Wenn man z.B. in der Bildgebung im CCT (Computertomographie) oder im MRT (Magnetresonanztomographie) das Abbild eines Meningeoms findet, so kann man nicht sicher sein, ob dieses Meningeom etwa einen Krampfanfall ausgelöst hat. Man kann im Zweifelsfall auch nicht wissen, ob dieses Meningeom für den angegebenen Kopfschmerz verantwortlich bzw. kausal ist. Man kann aus diesem Objekt bzw. aus dem bildgebenden Befund nicht erkennen, ob ein aufgetretenes neurologisches Phänomen – etwa einen Krampfanfall – oder ein neurologisches Symptom etwa Kopfschmerzen – durch diese faktisch nachweisbare Tatsache hervorgerufen wird. Es ist möglich, dass das Meningeom die Ursache des Krampfanfalls war – genau genommen – kann man dies jedoch nicht wissen. In gleicher Weise kann man im Zweifelsfall auch nicht wissen, ob etwa ein geklagter Kopfschmerz als Folge eines Meningeoms zu erklären ist.

In diesem Sinn kann man ein neurologisches Phänomen nicht objektivieren. Man kann aus einem körperlichen Objekt nicht die Kausalität des neurologischen Phänomen erkennen. Man kann aus dem körperlichen Objekt nicht allgemein gültig erkennen, ob es das Phänomen hervorruft. Man kann nur, wenn man ein neurologisches Phänomen bereits festgestellt hat – und man im Rahmen der Abklärung eine mögliche körperliche Ursache gefunden hat – das Auftreten des Phänomens als Folge dieser körperlichen Auffälligkeit – bzw. also als Folge dieser körperlichen Ursache erklären und das Auftreten des Phänomens durch diese Erklärung verstehen.

Einen objektiven Beweis dafür kann man jedoch nicht liefern. Man kann nicht allgemein gültig durch die Demonstration von irgendwelchen Befunden beweisen, dass diese mögliche (körperliche) Ursache die tatsächliche Ursache des neurologischen Phänomens ist. Die Kausalität kann man in diesem Sinn nicht objektiv gültig beweisen. Im Zweifelsfall kann man keinen objektiven Beweis liefern, der unzweifelhaft aufzeigt, dass diese körperliche Auffälligkeit die Ursache des beobachteten neurologischen Phänomens ist.

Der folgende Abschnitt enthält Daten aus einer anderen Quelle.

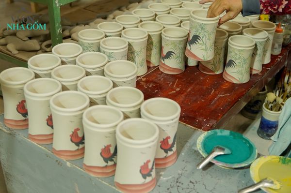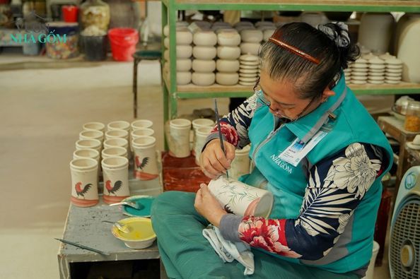 Tuần trước, khách tham quan xưởng gốm Thủ Biên sẽ tận mắt thấy cô Yến đang vẽ hoạ tiết chú gà trống Lái Thiêu trên ống đũa. Xưởng Thủ Biên thực hiện theo đặt hàng cho một nhà hàng phong cách thuần Việt tại Dubai.

Der tiefer liegende Grund warum man dies nicht objektiv und damit nicht allgemein gültig beweisen kann, findet sich in der Tatsache, dass es zwischen dem Phänomen auf der einen Seite und der Ursache auf der anderen Seite keine definierte und bestimmbare Relation gibt.

Es ist also bei den neurologischen Phänomenen so, wie bei den psychischen Phänomenen.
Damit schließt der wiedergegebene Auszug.